» What you have to do
Please write out every line of the listing without alteration, but omit the images.

» Supplied material
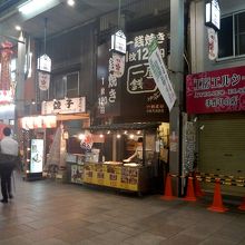 大阪市のアーケード街天神橋商店街に面するお好み焼の店。
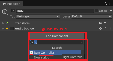 Unityに戻って、BGMインスペクターの一番下にあるコンポーネントを追加から、BgmControllerを検索してクリック。インスペクターにBgmControllerが追加されます。
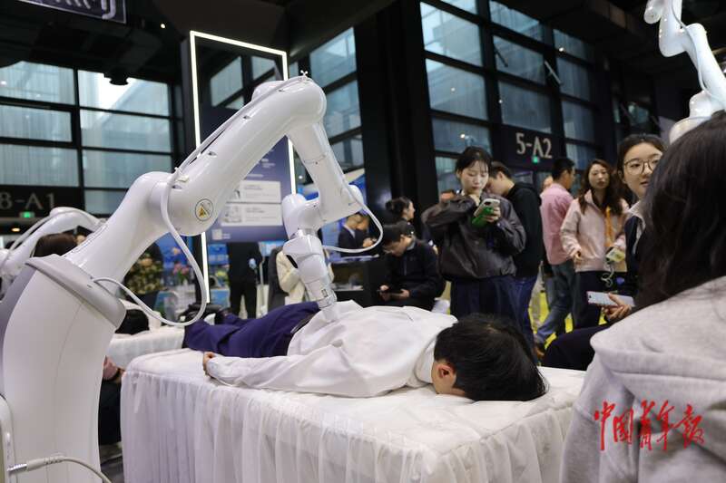 11月7日,浙江乌镇,“互联网之光”博览会,观众体验机器人推拿按摩。陈思阳/摄

» Exercise response
 大阪市のアーケード街天神橋商店街に面するお好み焼の店。
 Unityに戻って、BGMインスペクターの一番下にあるコンポーネントを追加から、BgmControllerを検索してクリック。インスペクターにBgmControllerが追加されます。
 11月7日,浙江乌镇,“互联网之光”博览会,观众体验机器人推拿按摩。陈思阳/摄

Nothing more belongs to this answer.